Ponies Are Like Cats
Ever Possessed With Their Own Ideas
Load Full StoryA quiet day at the Carousel Boutique would not be an unpleasant one were there any pony aside from Rarity at the helm. A lack of customers was simply more time to make more things to attract more customers, and so quiet days often gave way to busy ones, and the busy days led to the quiet ones. This was a cycle which many other ponies would be quite content with, working and relaxing, but Rarity failed to find it as fulfilling as one might suspect she would. In fact, the silence in the small Ponyville shop proved to be insufferably irritating, and Rarity often spent it pacing—remembering desires unfulfilled, planning dresses that she could not make, designs that never saw fruition.

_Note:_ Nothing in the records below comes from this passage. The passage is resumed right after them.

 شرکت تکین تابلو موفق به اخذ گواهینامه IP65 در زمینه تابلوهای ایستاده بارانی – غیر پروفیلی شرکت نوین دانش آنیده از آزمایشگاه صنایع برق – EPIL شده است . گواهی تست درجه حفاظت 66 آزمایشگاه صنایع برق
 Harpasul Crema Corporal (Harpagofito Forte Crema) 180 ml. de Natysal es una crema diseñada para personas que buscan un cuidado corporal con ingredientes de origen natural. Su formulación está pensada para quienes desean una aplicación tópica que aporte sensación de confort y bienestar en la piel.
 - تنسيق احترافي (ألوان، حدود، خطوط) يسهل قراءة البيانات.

The one thing Rarity certainly did enjoy about the quiet days was the opportunity for friends to visit, such as this afternoon when a bell's ringing announced the arrival of Twilight Sparkle on this warm but damp summer morning.
"Rarity?" she called. "Rarity, I... I need a little advice."

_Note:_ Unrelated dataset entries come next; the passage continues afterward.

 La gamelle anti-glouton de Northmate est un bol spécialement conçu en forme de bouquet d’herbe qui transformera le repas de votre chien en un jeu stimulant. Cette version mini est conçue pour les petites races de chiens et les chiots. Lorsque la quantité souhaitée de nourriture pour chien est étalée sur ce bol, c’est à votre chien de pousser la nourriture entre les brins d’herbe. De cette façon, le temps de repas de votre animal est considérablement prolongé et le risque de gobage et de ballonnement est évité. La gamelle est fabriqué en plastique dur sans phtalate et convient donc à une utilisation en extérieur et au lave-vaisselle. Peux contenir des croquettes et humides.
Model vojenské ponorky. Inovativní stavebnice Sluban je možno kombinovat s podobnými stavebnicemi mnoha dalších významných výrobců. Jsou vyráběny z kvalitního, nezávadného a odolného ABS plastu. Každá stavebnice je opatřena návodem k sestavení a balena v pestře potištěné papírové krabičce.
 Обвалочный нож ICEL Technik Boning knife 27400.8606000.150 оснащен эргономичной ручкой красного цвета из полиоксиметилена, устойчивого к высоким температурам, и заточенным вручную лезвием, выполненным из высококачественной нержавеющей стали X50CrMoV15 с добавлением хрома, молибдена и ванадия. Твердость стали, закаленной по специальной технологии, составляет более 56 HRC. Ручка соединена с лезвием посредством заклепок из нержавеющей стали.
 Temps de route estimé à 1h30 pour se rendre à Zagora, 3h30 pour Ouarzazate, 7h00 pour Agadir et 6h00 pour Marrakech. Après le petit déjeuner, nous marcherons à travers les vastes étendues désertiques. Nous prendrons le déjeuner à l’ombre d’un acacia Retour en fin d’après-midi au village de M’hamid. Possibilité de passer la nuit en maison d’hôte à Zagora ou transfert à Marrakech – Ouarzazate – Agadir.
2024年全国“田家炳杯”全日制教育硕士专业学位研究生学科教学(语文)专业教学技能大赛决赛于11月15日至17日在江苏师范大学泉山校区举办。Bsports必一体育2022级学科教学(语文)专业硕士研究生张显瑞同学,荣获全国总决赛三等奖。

"Coming! One second, darling!" Rarity turned from a sketchbook open upon her working space, and trotted swiftly from the workroom to find her friend waiting for her, leaning back and forth from one set of feet to the other in an awkward sort of stationary dance.
"Come in, make yourself comfortable, dear. No need to stand around like you're being tailed by the constabulary. We'll settle in the kitchen, and I suppose I will make you something to settle your nerves."

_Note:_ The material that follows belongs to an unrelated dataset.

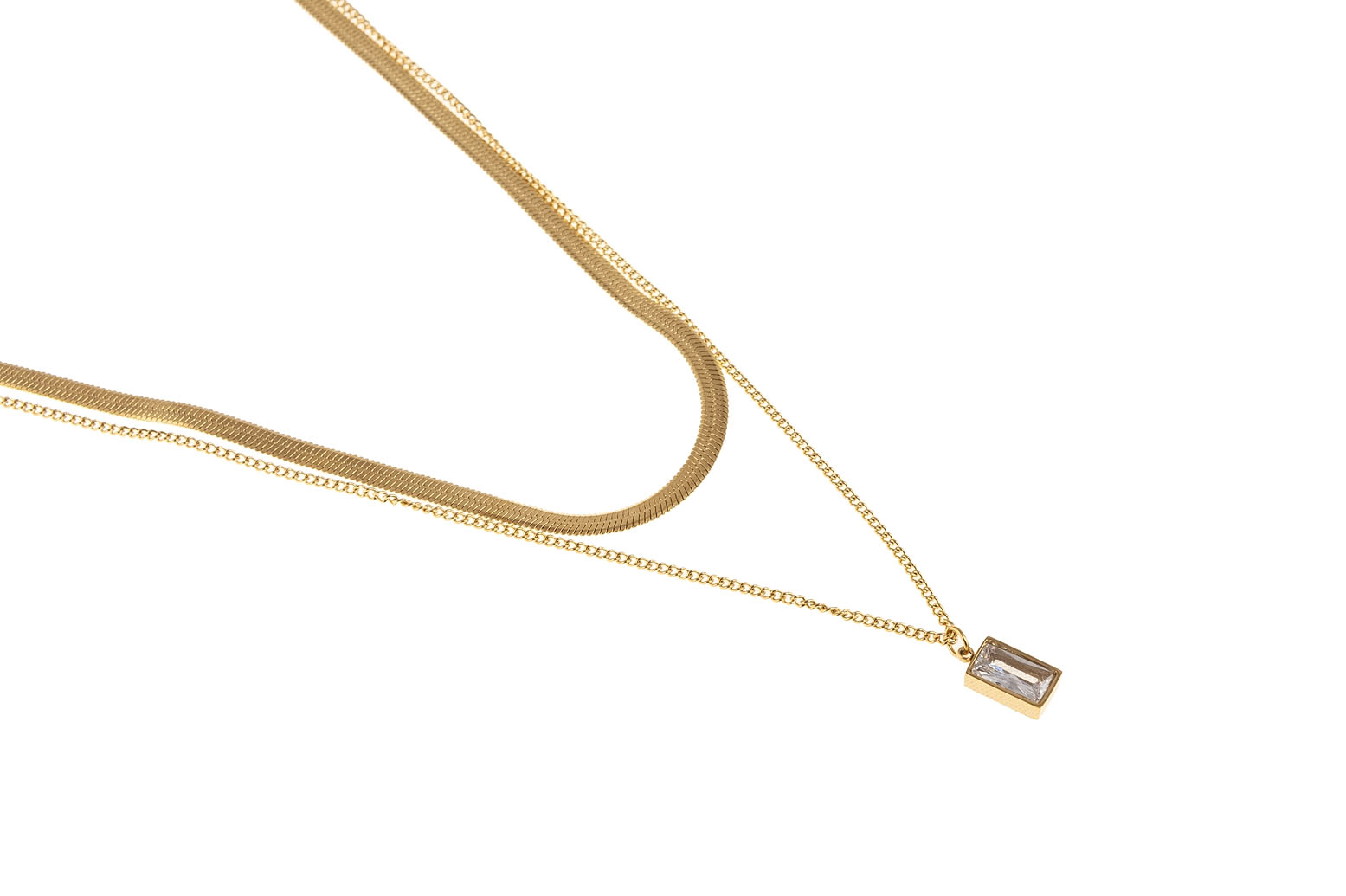 Elegancki złoty naszyjnik z błyszczącym prostokątem
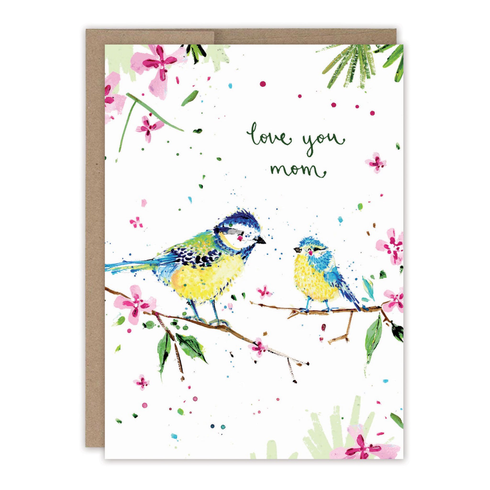 A tender Mother’s Day card featuring a sweet pair of birds perched among blossoms with the message “love you mom.” A heartfelt way to say thanks and share love.

"Nerves?" said Twilight. "What do you mean, nerves? I'm perfectly fine!"
"Yes dear, I'm sure you are," Rarity chided her, "You're eying the door like you already want to take off, and if you came here wearing any boots, your constant quaking must have shaken them to pieces already."
The kitchen of the boutique was understandably minimal, as was status quo in most of the business-homes of Ponyville, but such that it was comfortably roomy as Rarity stepped in to brew some tea. Even so, Twilight Sparkle's nervous air entering the room made the situation qualitatively less roomy, as if the aggravated air she breathed took up more space than the air would otherwise, crowding the room with its invisible presence, pressing the walls closer together. Rarity shuddered at the feeling.
"Twilight, you must calm down, honestly! I feel as if you do not sit down this instant, I shall run screaming for the hills rather than deal with any further awkwardness in the room."
"Eh... Sorry, Rar-"
"Upbupupup!" Rarity interrupted. "I shall not have you running off! Just sit down!"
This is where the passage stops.